**Data excerpt:**
=== Section Start ===

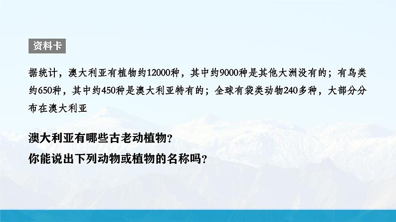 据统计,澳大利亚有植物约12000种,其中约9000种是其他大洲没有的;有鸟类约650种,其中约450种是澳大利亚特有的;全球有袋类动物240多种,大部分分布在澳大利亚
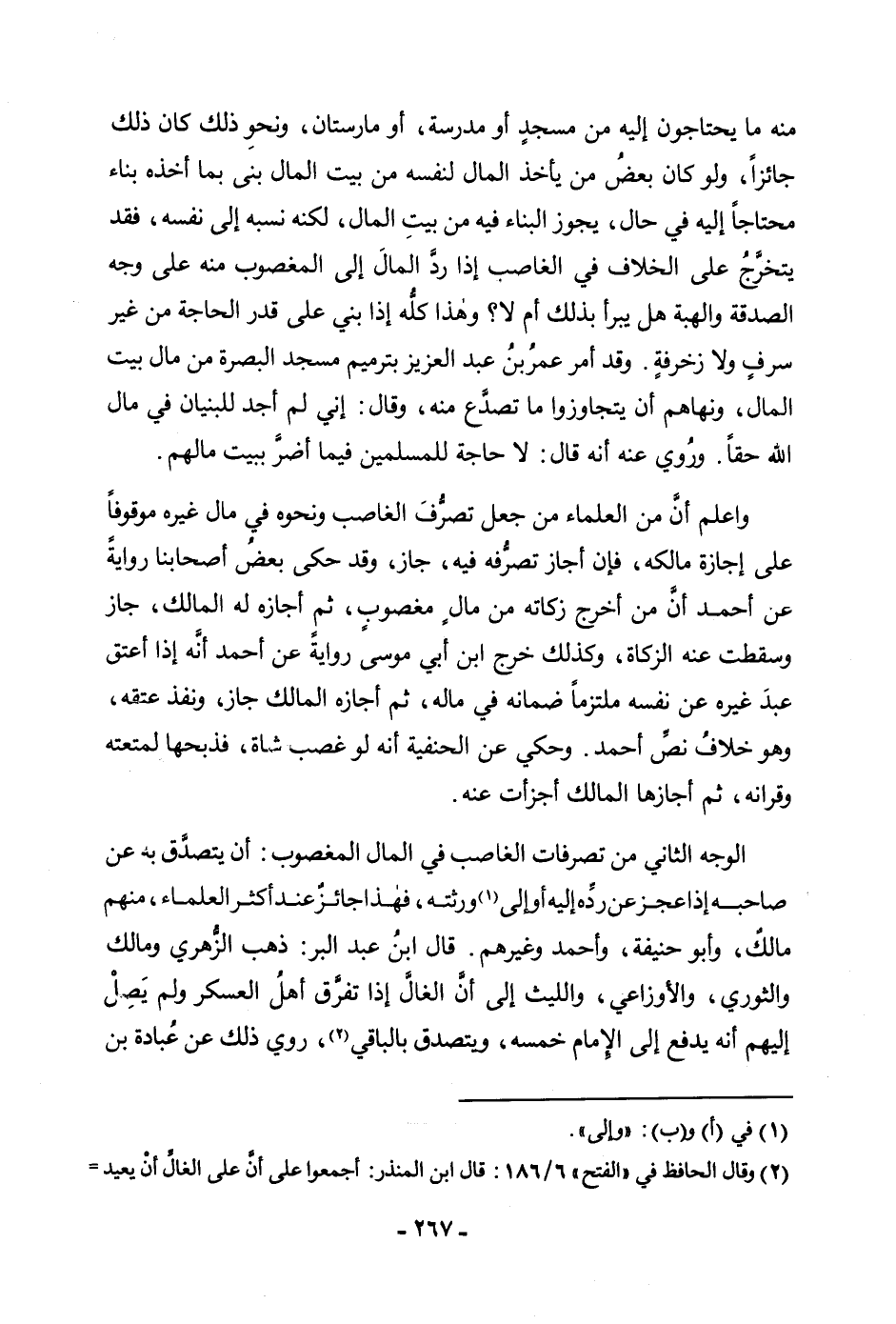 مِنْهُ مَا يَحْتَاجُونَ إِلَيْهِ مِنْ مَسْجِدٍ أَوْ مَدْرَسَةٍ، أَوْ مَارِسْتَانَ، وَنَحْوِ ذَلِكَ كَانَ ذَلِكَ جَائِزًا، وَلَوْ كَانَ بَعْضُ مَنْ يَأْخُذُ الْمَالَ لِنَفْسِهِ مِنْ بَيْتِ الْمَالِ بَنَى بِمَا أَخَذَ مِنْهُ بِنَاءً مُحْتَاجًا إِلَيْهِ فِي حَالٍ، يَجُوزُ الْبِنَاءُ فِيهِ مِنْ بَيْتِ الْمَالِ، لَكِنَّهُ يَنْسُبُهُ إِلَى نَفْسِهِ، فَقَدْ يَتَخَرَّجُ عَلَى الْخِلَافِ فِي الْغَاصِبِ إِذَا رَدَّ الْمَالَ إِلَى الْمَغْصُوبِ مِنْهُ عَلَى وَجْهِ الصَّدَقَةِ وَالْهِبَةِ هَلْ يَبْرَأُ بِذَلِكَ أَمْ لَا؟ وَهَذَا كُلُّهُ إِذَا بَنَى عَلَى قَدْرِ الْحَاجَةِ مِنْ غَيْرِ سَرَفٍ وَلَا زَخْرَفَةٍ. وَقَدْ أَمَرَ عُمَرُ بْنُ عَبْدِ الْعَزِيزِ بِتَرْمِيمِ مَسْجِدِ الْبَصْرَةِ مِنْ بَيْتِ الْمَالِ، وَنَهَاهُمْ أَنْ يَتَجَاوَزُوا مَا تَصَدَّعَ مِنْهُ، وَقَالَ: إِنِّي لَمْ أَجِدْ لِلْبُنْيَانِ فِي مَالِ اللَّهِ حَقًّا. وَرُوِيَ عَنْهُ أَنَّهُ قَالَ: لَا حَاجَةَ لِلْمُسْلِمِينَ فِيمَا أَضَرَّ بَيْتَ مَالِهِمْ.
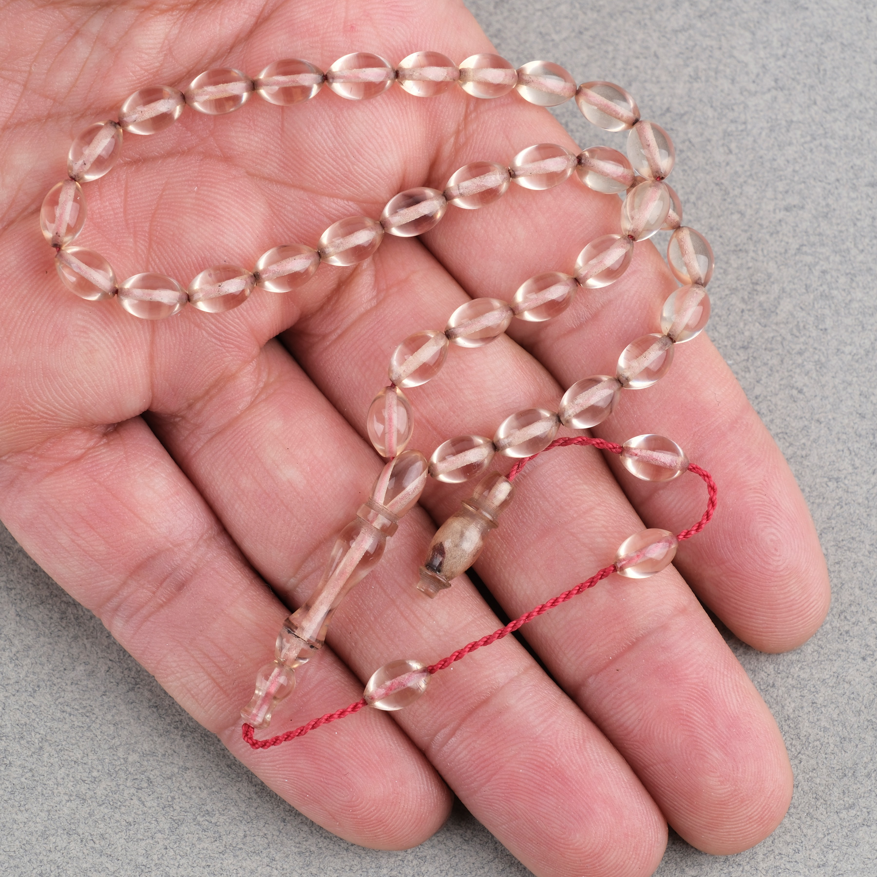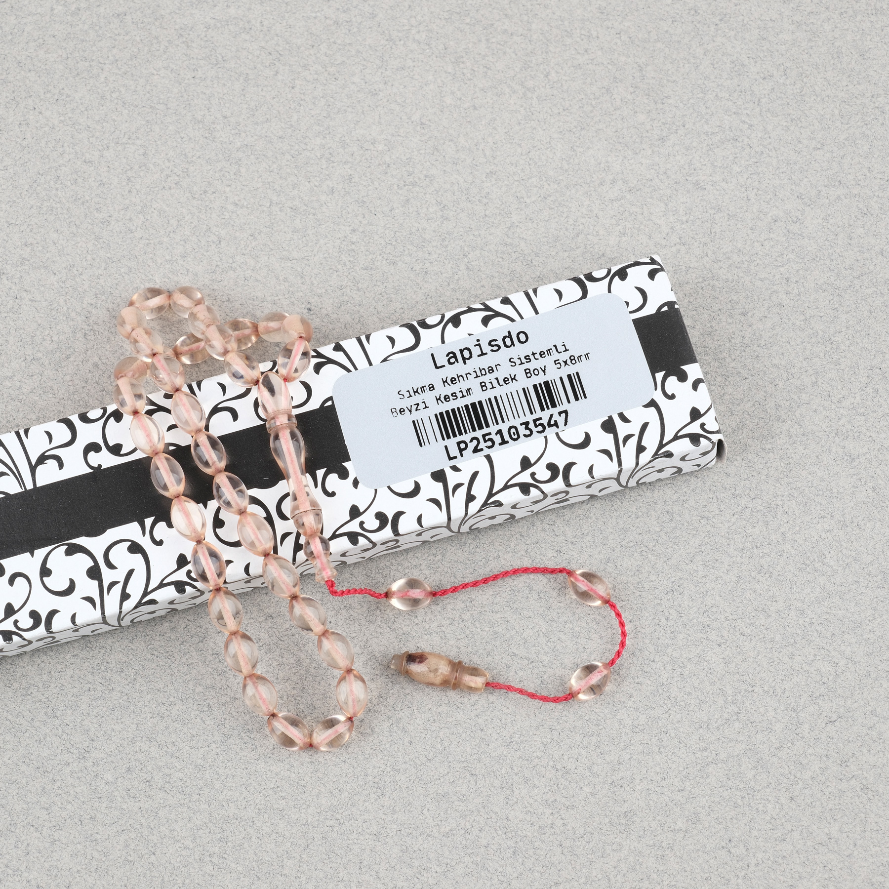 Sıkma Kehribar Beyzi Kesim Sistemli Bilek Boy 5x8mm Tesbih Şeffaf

=== Section End ===

**Exercise directions:** For the data above, return an exact copy that contains no pictures.

**Your solution:**
 据统计,澳大利亚有植物约12000种,其中约9000种是其他大洲没有的;有鸟类约650种,其中约450种是澳大利亚特有的;全球有袋类动物240多种,大部分分布在澳大利亚
 مِنْهُ مَا يَحْتَاجُونَ إِلَيْهِ مِنْ مَسْجِدٍ أَوْ مَدْرَسَةٍ، أَوْ مَارِسْتَانَ، وَنَحْوِ ذَلِكَ كَانَ ذَلِكَ جَائِزًا، وَلَوْ كَانَ بَعْضُ مَنْ يَأْخُذُ الْمَالَ لِنَفْسِهِ مِنْ بَيْتِ الْمَالِ بَنَى بِمَا أَخَذَ مِنْهُ بِنَاءً مُحْتَاجًا إِلَيْهِ فِي حَالٍ، يَجُوزُ الْبِنَاءُ فِيهِ مِنْ بَيْتِ الْمَالِ، لَكِنَّهُ يَنْسُبُهُ إِلَى نَفْسِهِ، فَقَدْ يَتَخَرَّجُ عَلَى الْخِلَافِ فِي الْغَاصِبِ إِذَا رَدَّ الْمَالَ إِلَى الْمَغْصُوبِ مِنْهُ عَلَى وَجْهِ الصَّدَقَةِ وَالْهِبَةِ هَلْ يَبْرَأُ بِذَلِكَ أَمْ لَا؟ وَهَذَا كُلُّهُ إِذَا بَنَى عَلَى قَدْرِ الْحَاجَةِ مِنْ غَيْرِ سَرَفٍ وَلَا زَخْرَفَةٍ. وَقَدْ أَمَرَ عُمَرُ بْنُ عَبْدِ الْعَزِيزِ بِتَرْمِيمِ مَسْجِدِ الْبَصْرَةِ مِنْ بَيْتِ الْمَالِ، وَنَهَاهُمْ أَنْ يَتَجَاوَزُوا مَا تَصَدَّعَ مِنْهُ، وَقَالَ: إِنِّي لَمْ أَجِدْ لِلْبُنْيَانِ فِي مَالِ اللَّهِ حَقًّا. وَرُوِيَ عَنْهُ أَنَّهُ قَالَ: لَا حَاجَةَ لِلْمُسْلِمِينَ فِيمَا أَضَرَّ بَيْتَ مَالِهِمْ.
 Sıkma Kehribar Beyzi Kesim Sistemli Bilek Boy 5x8mm Tesbih Şeffaf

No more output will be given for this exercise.